In order to know what features you will be using to build your model you have to see the correlation to each other and you can use a heatmap as I’ve done below. The lighter it is the stronger the correlation. From this heatmap I can tell my selected features will be Japan sales(JP_Sales), and European Sales. I wouldn’t pick Global Sales because that’s just the total sales from the individual continents combined.

The next step is to create visualizations and see to gain insights that will be helpful in better understanding your data. I did quite a lot because my data was really interesting and I wanted to see it from every angle but I would just show a few of the ones I did.

So, now it’s time to build the model, to test and train it. The model aspect is really short and pretty straightforward. The most work is done in the cleaning and analysis. If you have done an elaborate analysis on your data your model building should be a breeze relatively. Also depends on what you’re working as I know they’re much more complex models than this that require more scrutiny and patience and a lot of back and forth.

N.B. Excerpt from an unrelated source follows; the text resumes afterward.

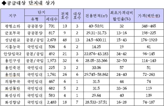 [아시아경제 소민호 기자] 한국토지주택공사(LH)는 경기도내 12개 지구 단지내상가 48호를 가격할인, 인터넷 경쟁 입찰방식으로 공급한다.이들 상가는 광명소하, 성남판교, 용인구성, 용인흥덕, 화성향남 등 경기 지역에 소재한 성장성과 투자가치가 높다. LH는 침체된 시장 상황을 감안, 분양가격을 최초 분양가 대비 최고 57% 할인된 가격으로 공급한다.분양가격은 1층 기준 3.3㎡당 448만1000~2348만1000원으로 인근지역시세보다 13~50% 낮은 수준이다. 대금납부조건은 계약금 20%, 중도금 30%, 잔금 50%다.입찰신청은 8월30~31일 오전 10시부터 오후 4시까지 LH 분양임대청약시스템(//myhome.lh.or.kr/)에서 가능하다. 입찰결과는 8월31일 오후 6시 이후 분양임대청약시스템에 게시될 예정이다.분양관련 상담문의는 LH 경기지역본부 고객상담실(031-250-8380~6)로 하면 된다.

The good thing about working with an interactive environment is that you can add your code and run them individually without it affecting the entire thing if you wish. The other thing, is the fact that you can import modules, libraries at any given time. If I was using an environment that doesn’t support interactive code, it’s good practice to always do imports at the very top. With an interactive environment there really isn’t any restriction in that sense.

So here I imported the Linear Regression model and the train_test_split model selection from Scikit-Learn.

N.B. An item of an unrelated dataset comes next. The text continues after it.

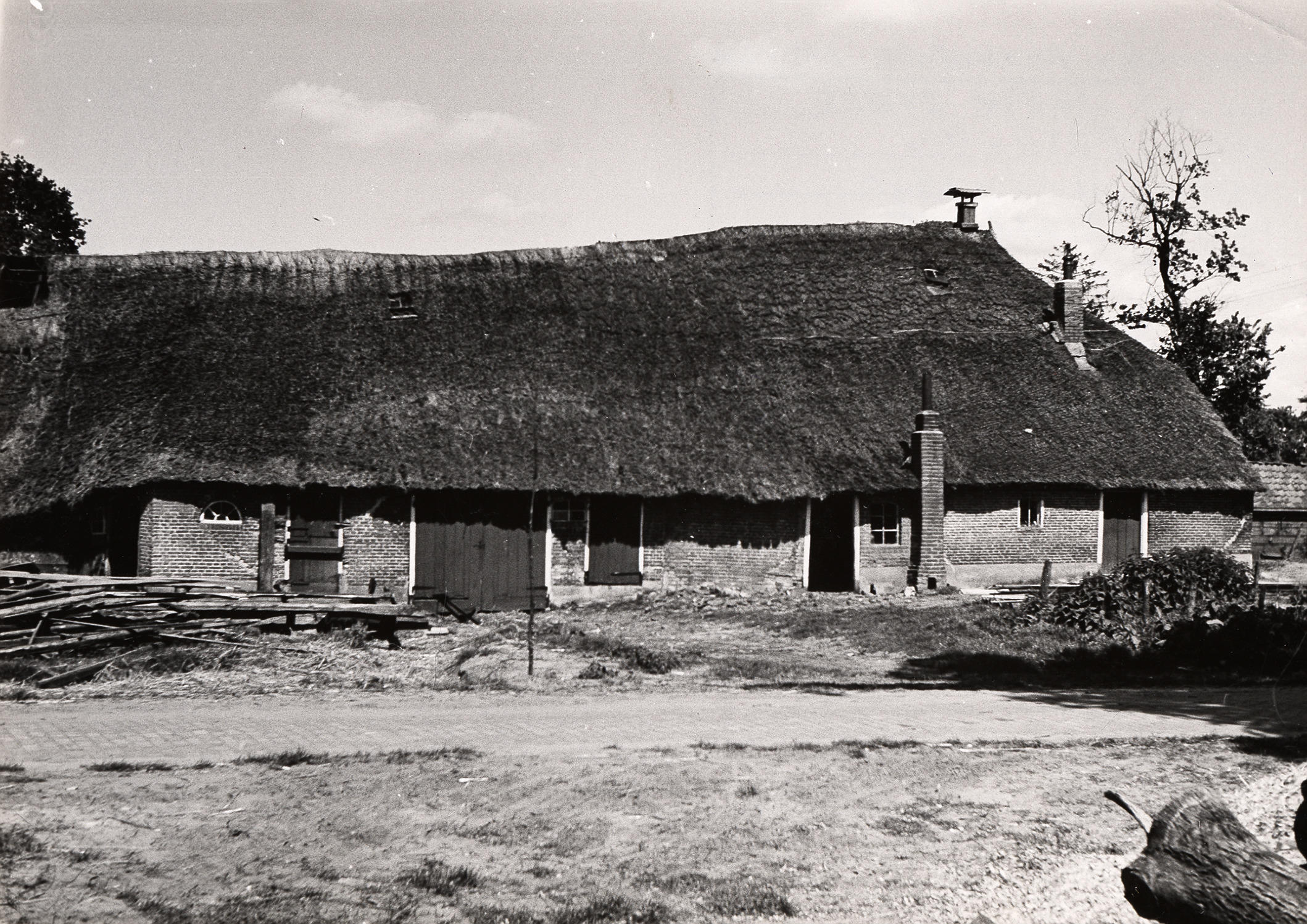 Afbraak van boerderij, Staphorst, 1950 (zwart-wit foto)

Yellowbrick is imported for my residual plot and plotting of my prediction model error. A residual plot is a graph that shows the residuals on the vertical axis and the independent variable on the horizontal axis. If the points in a residual plot are randomly dispersed around the horizontal axis, a linear regression model is appropriate for the data; otherwise, a nonlinear model is more appropriate.

The prediction error plot shows the actual targets from the dataset against the predicted values generated by the model.

And so there you have it, I have been able to show you ways you can interact wit your data for analysis and how to build, test & train a model. I hope this post was helpful in any way. If you have any extra questions, please don’t hesitate to ask.

Hope to communicate with you in another blog post. Remember, data will talk to you of you’re willing to listen :).